Everything encased in ice


----------



## leigh (Jan 2, 2009)

Looks like you attacked that pita storm the right way, got to be aggressive and can't skimp on material and labor. Many failed in that storm, bad timing of service, lack of accessible material on sunday etc. I'm thankful we at least had above 32 deg temps for 8 hrs,made it a piece of cake just 10+ miles to the south of the ice.


----------



## Broncslefty7 (Jul 14, 2014)

leigh said:


> Looks like you attacked that pita storm the right way, got to be aggressive and can't skimp on material and labor.
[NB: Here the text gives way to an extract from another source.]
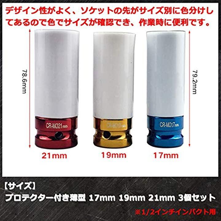 「サイズ」プロテクター付き薄型 17mm 19mm 21mm 3個セット *1/2インチインパクト用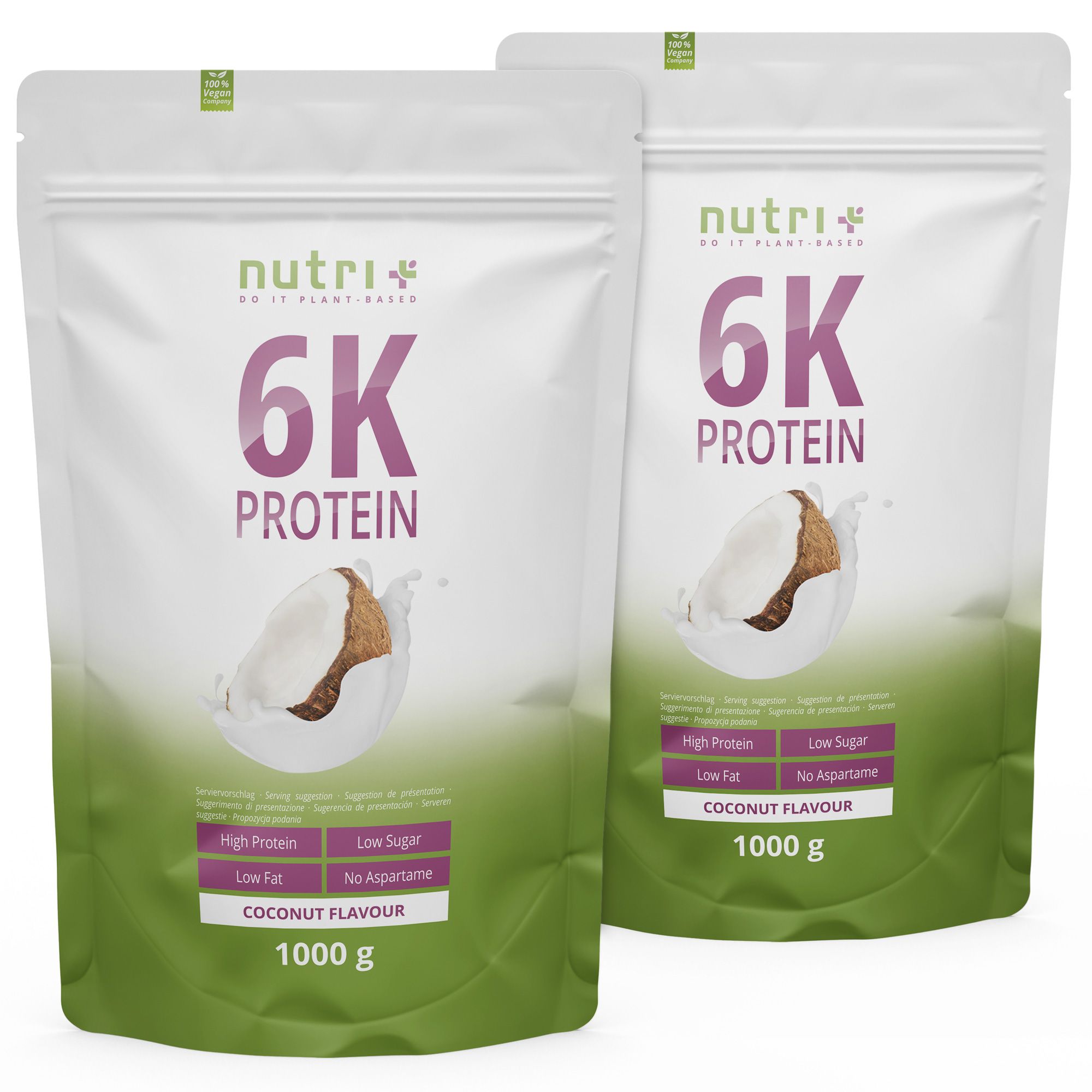 nutri+ 6K Protein è una proteina multicomponente di origine vegetale e consiste in oltre l'80% di proteine (proteine isolate della soia, proteine isolate del pisello, proteine del riso, proteine del girasole, proteine delle mandorle e proteine del grano).

Many failed in that storm, bad timing of service, lack of accessible material on sunday etc. I'm thankful we at least had above 32 deg temps for 8 hrs,made it a piece of cake just 10+ miles to the south of the ice.


When r u going to get your spray system up and running?


----------



## rick W (Dec 17, 2015)

Are you 100% happy with the box or do you wish you had spent the extra for wings?
Nice set up.


----------



## leigh (Jan 2, 2009)

Broncslefty7 said:


> When r u going to get your spray system up and running?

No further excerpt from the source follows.